Esses artigos, em sua primeira edição, saíram em : 2 de julho de 2000, 9 de julho de 2000, e 16 de julho de 2000.
Tive o reconhecimento de familiares do Fernando, especialmente de sua esposa e de seu filho (hoje falecido), que desconheciam coisas que eu recordara nessa série de artigos sobre o marido e o pai.
Por causa do impacto que este artigo causou, já então, no site Liga Paulista de Boxe (Reinaldo Carrera), me procurou Norberto Rezende, pugilista dos anos 50/60, e fizemos uma grande amizade.
Em 1961 eu iniciara no C. R. Flamengo, no Atletismo. Era a minha fase dos programas de TV, e as Emissoras me obrigavam a assinar um compromisso de não lutar, e, a obrigatoriedade de continuar treinando duro, não havia,pois eu já estava naquele ritmo de vida Rio-São Paulo havia dois anos, e eu fizera uma operação no punho direito (pseudo-artrose do escafóide) e nem Boxe eu poderia treinar, por isso, busquei o Atletismo. Primeiro no Vasco depois no Flamengo, onde me tornei amigo de Wanderley Queiroz, treinador de Boxe do CRF, que me acolheu no seu ginásio, e por pouco não me mandou à Olimpíada de Tokio em 1964. No ginásio do Flamengo, eu era visto como um atleta de Atletismo que ia lá fazer uns treinos, e nunca vou me esquecer do espanto do treinador argentino Salustiano Marquez, que o Téti Alfonso trouxera para morar no Rio e dirigir os lutadores estrangeiros, argentinos, na sua maioria, que ele Téti trazia para lutarem no programa TV Rio Ringue; o Marquez não se conformava em saber que eu, na realidade, era um corredor e um saltador do CRF que "brincava" com argentinos e uruguaios que queriam um sparring de qualidade. Nesse particular, eu tinha o aval de dois grandes amigos, o Sr. Moacyr Lopes, da FMP e o Wanderley Queiroz, treinador do CRF.
No final do ano de 1964 o CRF resolveu acabar com as disputas de Boxe e, fechou o ginásio na sede da Praia do Flamengo, 64/68, e o Wanderley se transferiu para o Lhoyd Brasileiro, que tinha um enorme espaço para o Boxe na Praça XV de Novembro, nas Barcas. Nesse mesmo ano de 1964 eu fiz concurso para o Banco do Brasil e fui aprovado; participara daquele que seria o meu último programa de TV, na hoje extinta TV Excelsior, com o apresentador J. Silvestre; eu já atuava como jurado de Boxe e de Vale-Tudo na FMP, e acompanhei o Wanderley nos treinos no Lhoyd Brasileiro.

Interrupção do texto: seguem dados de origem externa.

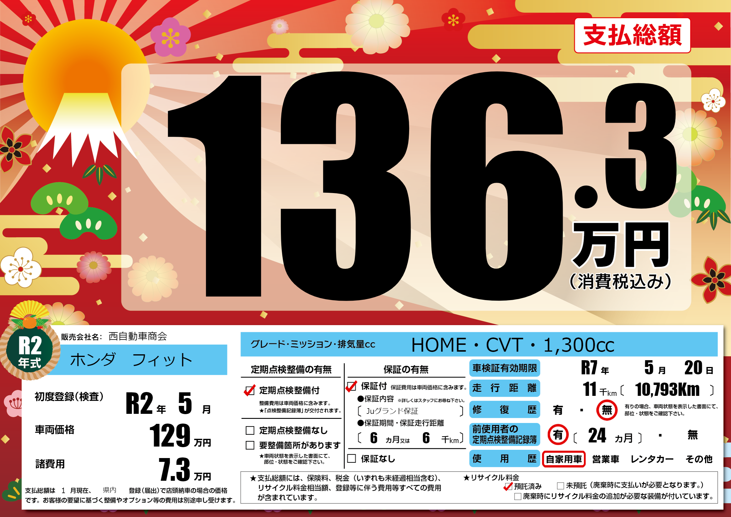 なし | 車検制限 | R7年5月20月 |

Em janeiro de 1965, o Banco do Brasil marcou para o final de março, a minha posse na agência de Maringá (PR), mas, enquanto eu ainda andava por aqui, ia regularmente três vezes na semana, treinar Boxe no Lhoyd Brasileiro, com o Wanderley. Os anos de Atletismo me deram um estado físico excepcional, e disso me recordo um sábado, em que o Sr. Moacyr Lopes pediu ao Wanderley, para escalar alguns lutadores, para servirem num teste de suficiência, que a FMP queria fazer para liberar uns três argentinos que o Téti Alfonso trouxera para lutar no TV Rio Ringue. Na sexta-feira o Wanderley escalou os sparrings, e eu me adiantei como voluntário, de uma coisa que era comum para mim. No sábado, os argentinos apareceram com o Salustiano Marquez, mas, nenhum dos escalados pelo Wanderley deu às caras naquele dia no CRF. Sobrou para mim.
Olhei para a turma, e vi que eram três ou quatro, mas todos, leves, galos, por aí. O Sr. Moacyr ia enchendo as fichas e eu permanecia dentro do ringue; saía um argentino, entrava outro. Em dado momento o Sr. Moacyr me chamou de lado e me perguntou: "Você está muito cansado ? Esse vai ser o último round, pois você já fez 18 aí em cima". Bendito Atletismo que me deixava fazer o que bem poucos profissionais seriam capazes de fazê-lo.
Além de ser divertido conhecer as técnicas, os enganos e as limitações de profissionais de uma Escola altamente categorizada, de 1959, ano em que eu iria estrear oficialmente pelo Gremio Cassio Muniz, até 1965, eu não fizera outra coisa senão "enganar a mim mesmo" que eu era um "lutador" de Boxe. Mas vamos voltar àquele dia de Janeiro de 1965, no Lhoyd Brasileiro. Eu acabara o meu treinamento, certamente um dos últimos que eu faria aqui no Rio, pois em Março eu já deveria estar no BB em Maringá, e esperava o Wanderley fechar o ginásio para descermos conversando até o ponto do ônibus. Surpreendentemente, recebemos uma visita ilustre, o Fernando Barreto, que desejava pular uma cordinha, bater um saco, coisinha leve. O Wanderley achou que era cedo ainda, já passava das sete da noite, e autorizou o Fernando a mudar de roupa e treinar.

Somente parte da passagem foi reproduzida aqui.